Why Illinois Nurse Workforce Data Starts in Chicago
Picture a Director of Nursing at a 120-bed community hospital on Chicago's north side, reviewing the unit schedule for the coming month. She notices the same pattern she saw three months ago: two experienced RNs on the telemetry unit have quietly reduced their availability, a med-surg opening has been posted for eleven weeks, and the most recent travel-nurse invoice — covering a single four-week contract — has made its way to the CFO's desk. Nothing in her spreadsheet told her any of this was coming.
That experience is not unique to Illinois, but the Illinois labor market has a specific structural feature that shapes how nurse managers and CNOs should read workforce data: the Chicago metropolitan area is, by a wide margin, the state's dominant nursing labor market. A hospital in Peoria, Rockford, or Springfield operates in a meaningfully different wage environment than a facility in Cook, DuPage, or Lake County — and state-level averages, if read without metro context, can quietly mislead pay-band decisions.
This guide pulls together what the national data tells us about RN turnover trends and wage benchmarks, explains where Illinois fits structurally, and offers a framework for how Illinois nurse leaders can read their own workforce numbers more clearly. By the end, you'll have a cleaner model for distinguishing between a statewide signal and a Chicago-market signal — and for knowing which one your pay decisions should be anchored to.
Illinois Nurse Turnover in National Context
Illinois nurse leaders are operating inside a national turnover environment that reversed course in 2025. After two consecutive years of improvement, the national staff RN turnover rate rose to 17.6% in 2025, up 1.2 percentage points from 16.4% in 2024 — reversing a prior decline (NSI 2026 National Health Care Retention & RN Staffing Report, via Becker's Hospital Review, 2026).
That reversal matters for planning.

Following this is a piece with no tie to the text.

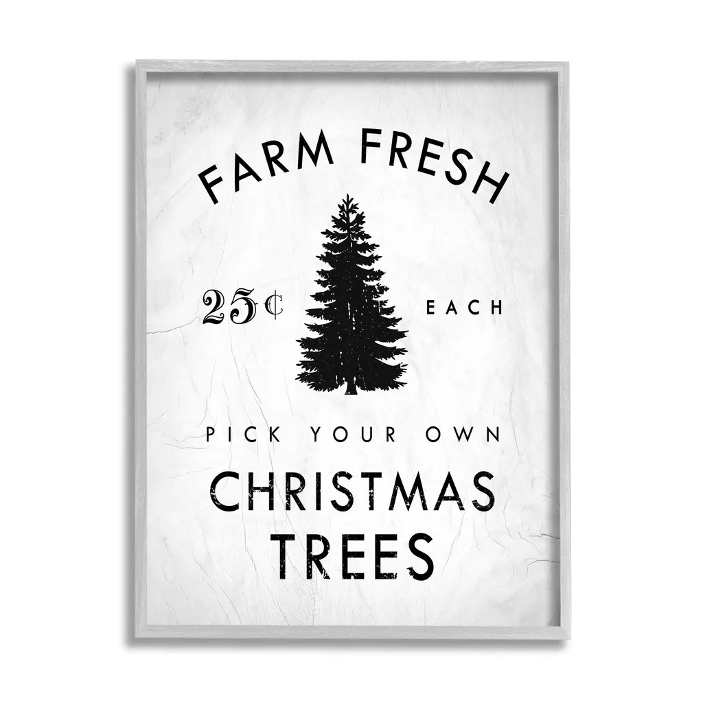 Stupell Vintage Style Christmas Tree Farm Sign Minimal Framed Wall Art - Black - 16 X 20 - Grey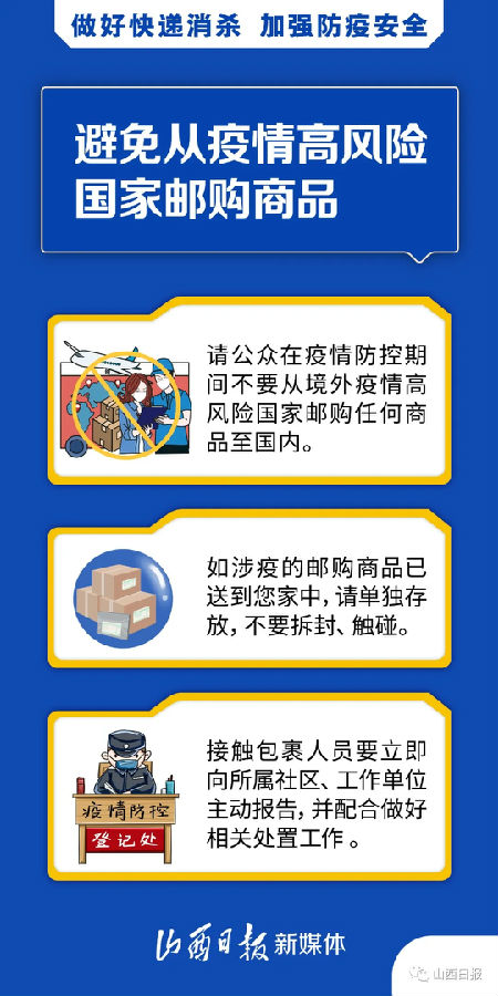 近日,內蒙古二連浩特、河北省晉州市浩匯商貿有限公司相繼出現部分商品、郵件新冠肺炎核酸檢測陽性,接觸境外和國內中高風險地區的郵件包裹存在感染風險。為深入貫徹“外防輸入,內防擴散”的工作方針,堅持“人、物、環境同防”,嚴格防止疫情通過快遞郵件輸入我省,持續保持我省來之不易的疫情防控成果,11月7日,省疾控中心發布提示!

A rate of 17.6% is not a crisis in isolation, but it carries a compounding cost: the NSI 2026 report puts the average per-RN-departure cost at $60,090 — down slightly from $61,110 the prior year but still a figure that accumulates quickly. For the average hospital, the same report estimates total annual RN-turnover loss at $4.2M–$6.2M per year, with a $5.19M average (NSI 2026, via Becker's, 2026). Every percentage point of RN turnover costs the average hospital approximately $295,000 per year (NSI 2026, via Becker's, 2026).
The Illinois nurse turnover picture at the state level is not separately reported in this library, but the national range gives important context: the NSI 2026 data shows RN turnover varying from 5.6% to 40.0% depending on hospital bed count (NSI 2026, via Becker's, 2026). Illinois facilities span this entire range — a 50-bed critical-access hospital in downstate Illinois and a 300-bed suburban Chicago system sit at very different points on that curve, and the appropriate benchmark for each is different.
For Illinois-specific illinois nurse turnover rates by facility type, size, or unit, the most direct source is the NSI annual report itself, supplemented by the Illinois Health and Hospital Association's workforce data releases. Readers should verify current figures directly with those sources rather than relying on any single estimate.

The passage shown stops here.